Abstract

Dive capacities of air-breathing vertebrates are dictated by onboard O₂ stores, suggesting that physiological specializations of diving birds like penguins may have involved adaptive changes in convective O₂ transport. It has been hypothesized that increased hemoglobin (Hb)-O₂ affinity improves pulmonary O₂ extraction and enhance capacities for breath-hold diving. To investigate evolved changes in Hb function associated with the aquatic specialization of penguins, we integrated comparative measurements of whole-blood and purified native Hbs with protein engineering experiments based on site-directed mutagenesis. We reconstructed and resurrected ancestral Hbs representing the common ancestor of penguins and the more ancient ancestor shared by penguins and their closest nondiving relatives (order Procellariiformes, which includes albatrosses, shearwaters, petrels, and storm petrels).

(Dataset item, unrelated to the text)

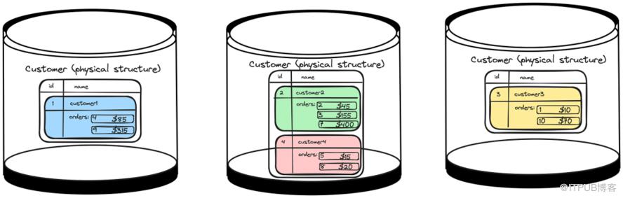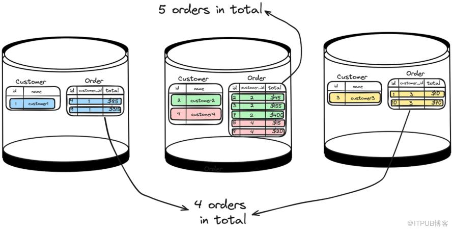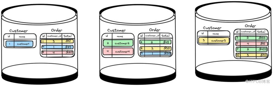 Customer主键(id, bucket)中添加bucketID,你可以为经常购买者创建多个记录 —Customer (1, 1),Customer (1, 2),Customer (1, 3)等。然后,可以将客户的订单添加到特定的桶中,从而允许数据库将它们分布到多个节点。然而,这种方法使应用程序逻辑变得更加复杂,需要决定桶的数量和每个新订单的合适桶。

These two ancestors bracket the phylogenetic interval in which penguin-specific changes in Hb function would have evolved. The experiments revealed that penguins evolved a derived increase in Hb-O₂ affinity and a greatly augmented Bohr effect (reduced Hb-O₂ affinity at low pH). Although an increased Hb-O₂ affinity reduces the gradient for O₂ diffusion from systemic capillaries to metabolizing cells, this can be compensated by a concomitant enhancement of the Bohr effect, thereby promoting O₂ unloading in acidified tissues. We suggest that the evolved increase in Hb-O₂ affinity in combination with the augmented Bohr effect maximizes both O₂ extraction from the lungs and O₂ unloading from the blood, allowing penguins to fully utilize their onboard O₂ stores and maximize underwater foraging time.

Competing Interest Statement

The authors have declared no competing interest.